How much higher will America's $20 trillion debt get?

For years Republicans railed against America's growing debt. It topped $20 trillion earlier this year. But the GOP tax plan would add another nearly $1.5 trillion to the debt over the next decade, according to JCT and the Congressional Budget Office. A few Republican senators, most notably Bob Corker, Tenn., and Jeff Flake, Ariz., have expressed concerns about the bill's price tag. The original idea was to lower taxes but pay for them by eliminating a lot of tax loopholes. That didn't happen. Corker and Flake are critics of the president and might be willing to take a bold stance against the bill.

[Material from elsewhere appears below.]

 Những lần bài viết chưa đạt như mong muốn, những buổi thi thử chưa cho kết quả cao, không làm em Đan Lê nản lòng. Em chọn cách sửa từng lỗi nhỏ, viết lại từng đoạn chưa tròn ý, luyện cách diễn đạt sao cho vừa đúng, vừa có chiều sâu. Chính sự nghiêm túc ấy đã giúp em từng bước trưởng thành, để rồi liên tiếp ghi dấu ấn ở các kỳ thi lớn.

The White House argues that people shouldn't be paying attention to the $1.5 trillion figure (even though it's the calculation from the official, nonpartisan scorekeepers).

"The idea this blows a hole in the deficit is just incorrect," said economist Kevin Hassett, head of Trump's Council of Economic Advisers, on Friday. Hassett claims the tax cuts will unleash so much growth that they will pay for themselves. But that didn't happen under Republican Presidents Ronald Reagan or George W. Bush, and no mainstream economists think that will happen now.

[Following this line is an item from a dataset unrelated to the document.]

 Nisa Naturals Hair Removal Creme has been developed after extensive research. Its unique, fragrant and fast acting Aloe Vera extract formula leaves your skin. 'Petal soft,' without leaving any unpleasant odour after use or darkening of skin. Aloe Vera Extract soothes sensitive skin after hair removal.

The bill could die in conference committee.

In addition to some key hurdles above, the House and Senate also differ on how they deal with the state and local deduction (SALT) provision in the current tax policy. About a third of taxpayers-- many of whom earn more than $100,000 in annual income -- itemize their deductions, including deductions for property taxes and the taxes they pay to their states and municipalities. Republican lawmakers from high-tax states, such as New York, New Jersey and California, balked at the initial plan to do away with all SALT deductions. The House bill includes a compromise to keep some of the deductions (mostly for property taxes). But the Senate bill is a full SALT elimination. This could be a major sticking point among the many line-by-line differences between the bills.

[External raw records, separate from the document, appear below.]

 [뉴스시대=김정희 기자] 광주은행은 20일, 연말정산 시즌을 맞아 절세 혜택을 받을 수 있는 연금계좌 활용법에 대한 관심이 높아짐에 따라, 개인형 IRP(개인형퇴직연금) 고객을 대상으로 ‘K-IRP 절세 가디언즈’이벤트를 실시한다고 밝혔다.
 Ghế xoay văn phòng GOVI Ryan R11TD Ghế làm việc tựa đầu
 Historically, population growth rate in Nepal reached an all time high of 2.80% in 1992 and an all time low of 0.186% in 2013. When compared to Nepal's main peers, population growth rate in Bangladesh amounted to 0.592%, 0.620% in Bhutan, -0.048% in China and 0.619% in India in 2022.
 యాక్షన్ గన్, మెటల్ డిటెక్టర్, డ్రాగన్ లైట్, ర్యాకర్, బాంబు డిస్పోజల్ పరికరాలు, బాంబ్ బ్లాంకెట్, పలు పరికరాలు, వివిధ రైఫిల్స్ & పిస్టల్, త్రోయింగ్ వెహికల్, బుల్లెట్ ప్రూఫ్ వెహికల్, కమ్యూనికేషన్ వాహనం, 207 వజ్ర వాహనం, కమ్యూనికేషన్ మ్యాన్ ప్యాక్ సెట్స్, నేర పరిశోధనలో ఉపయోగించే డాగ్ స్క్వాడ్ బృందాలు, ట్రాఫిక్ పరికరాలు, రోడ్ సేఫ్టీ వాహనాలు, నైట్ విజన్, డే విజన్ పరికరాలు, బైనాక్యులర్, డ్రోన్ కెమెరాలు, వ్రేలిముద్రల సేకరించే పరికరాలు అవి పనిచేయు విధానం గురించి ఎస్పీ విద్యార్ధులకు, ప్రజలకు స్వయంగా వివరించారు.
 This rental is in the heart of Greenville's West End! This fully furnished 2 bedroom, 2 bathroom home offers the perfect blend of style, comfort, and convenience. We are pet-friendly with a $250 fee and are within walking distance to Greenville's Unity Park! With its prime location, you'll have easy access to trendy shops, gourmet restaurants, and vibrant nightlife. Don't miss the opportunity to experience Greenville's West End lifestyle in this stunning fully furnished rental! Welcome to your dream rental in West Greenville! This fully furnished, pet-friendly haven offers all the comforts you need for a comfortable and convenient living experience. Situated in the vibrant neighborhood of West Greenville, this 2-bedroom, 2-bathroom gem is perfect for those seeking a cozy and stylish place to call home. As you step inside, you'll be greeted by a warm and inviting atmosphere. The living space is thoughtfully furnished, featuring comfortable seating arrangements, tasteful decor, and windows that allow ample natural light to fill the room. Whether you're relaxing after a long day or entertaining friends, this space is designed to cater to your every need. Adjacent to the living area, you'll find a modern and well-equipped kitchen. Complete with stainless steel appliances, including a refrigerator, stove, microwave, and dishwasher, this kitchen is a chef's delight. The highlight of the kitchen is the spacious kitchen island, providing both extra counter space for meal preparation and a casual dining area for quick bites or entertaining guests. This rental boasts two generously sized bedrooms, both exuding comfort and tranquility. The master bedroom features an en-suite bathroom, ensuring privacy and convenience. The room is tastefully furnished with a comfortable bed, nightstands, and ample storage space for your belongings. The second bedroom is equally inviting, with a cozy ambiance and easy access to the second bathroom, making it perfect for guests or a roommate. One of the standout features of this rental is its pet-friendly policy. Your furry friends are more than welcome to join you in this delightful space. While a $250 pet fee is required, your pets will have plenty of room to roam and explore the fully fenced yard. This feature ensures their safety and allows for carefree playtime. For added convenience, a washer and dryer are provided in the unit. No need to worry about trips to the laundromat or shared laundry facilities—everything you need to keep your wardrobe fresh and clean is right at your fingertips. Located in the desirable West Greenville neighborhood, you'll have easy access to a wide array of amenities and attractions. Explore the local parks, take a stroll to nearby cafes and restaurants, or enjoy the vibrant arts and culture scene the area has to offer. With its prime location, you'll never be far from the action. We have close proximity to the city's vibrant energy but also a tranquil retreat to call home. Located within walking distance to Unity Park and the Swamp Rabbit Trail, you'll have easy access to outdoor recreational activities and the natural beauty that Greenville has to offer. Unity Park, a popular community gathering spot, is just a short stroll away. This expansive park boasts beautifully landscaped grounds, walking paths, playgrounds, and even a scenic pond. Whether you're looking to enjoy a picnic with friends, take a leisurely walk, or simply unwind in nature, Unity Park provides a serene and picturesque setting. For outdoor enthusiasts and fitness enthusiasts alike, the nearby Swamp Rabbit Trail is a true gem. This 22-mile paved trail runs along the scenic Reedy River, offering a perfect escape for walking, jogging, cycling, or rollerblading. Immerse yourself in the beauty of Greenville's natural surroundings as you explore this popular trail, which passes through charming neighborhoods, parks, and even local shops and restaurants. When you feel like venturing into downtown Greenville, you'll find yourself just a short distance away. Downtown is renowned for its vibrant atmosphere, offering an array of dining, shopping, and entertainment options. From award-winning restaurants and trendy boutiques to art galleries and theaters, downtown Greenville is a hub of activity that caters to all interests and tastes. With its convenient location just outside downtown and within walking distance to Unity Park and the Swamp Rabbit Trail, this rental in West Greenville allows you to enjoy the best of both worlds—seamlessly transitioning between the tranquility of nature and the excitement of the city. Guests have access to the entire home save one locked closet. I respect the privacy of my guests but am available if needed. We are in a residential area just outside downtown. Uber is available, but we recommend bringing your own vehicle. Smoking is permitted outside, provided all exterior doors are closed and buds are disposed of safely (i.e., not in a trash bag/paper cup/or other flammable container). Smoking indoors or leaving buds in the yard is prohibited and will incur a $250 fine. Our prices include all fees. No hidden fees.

Perhaps the easiest compromise would be not to cut the corporate tax rate so much. At the moment, both the House and Senate reduce the top rate for big businesses from 35 percent to 20 percent. The average tax rate now for S&P 500 companies is just over 25 percent, according to research firm S&P Global. Collins has floated the idea of only lowering to 21 percent. Some on Wall Street now think it might end up being more like 22 percent or 23 percent if Republicans need more money to give breaks to small businesses and/or the middle class. But these are tough negotiations, and the lobbyists will be watching.

So far, the Republican tax proposals remain deeply unpopular. Even Fox News tweeted out a Quinnipiac poll last week showing that a majority of Republicans - 52 percent - disapprove of this legislation. Those aren't good numbers.

But GOP strategists and insiders argue that the bill is a core Republican philosophy: Lowering taxes unleashes growth. There's a belief in the GOP ranks that once the bill is passed, the economy will do so well that voters will change their minds.

"As important as health care was to Republicans - they promise to repeal Obamacare - it's not quite the same thing as tax cuts, which is supposed to be the Republicans' specialty and their core competency. It built the modern party," says James Pethokoukis of the right-leaning American Enterprise Institute. "I don't think a lot of Republicans want to be the one who kills this 30-year dream of more tax reform."

But veterans of the Reagan era, like Peter Davis of Davis Research, like to remind people that the 1986 tax reform measure "almost died at least a dozen times." Similar battles await this time around. In 1986, Reagan's popularity was around 60 percent for most of the year, according to Gallup. He could rally Congress in a way that Trump has struggled to do, especially with the president's approval rating back below 40 percent. Given the bigger political picture, Davis is more bearish about a final bill getting done.

The president has called for Congress to send him the ultimate "Christmas present." Those who have seen this process play out before say it would be better described as a "Christmas miracle." The optimists say it's likely to get done in January or February. The pessimists think the GOP is a lot more fractured than people realize, even on taxes.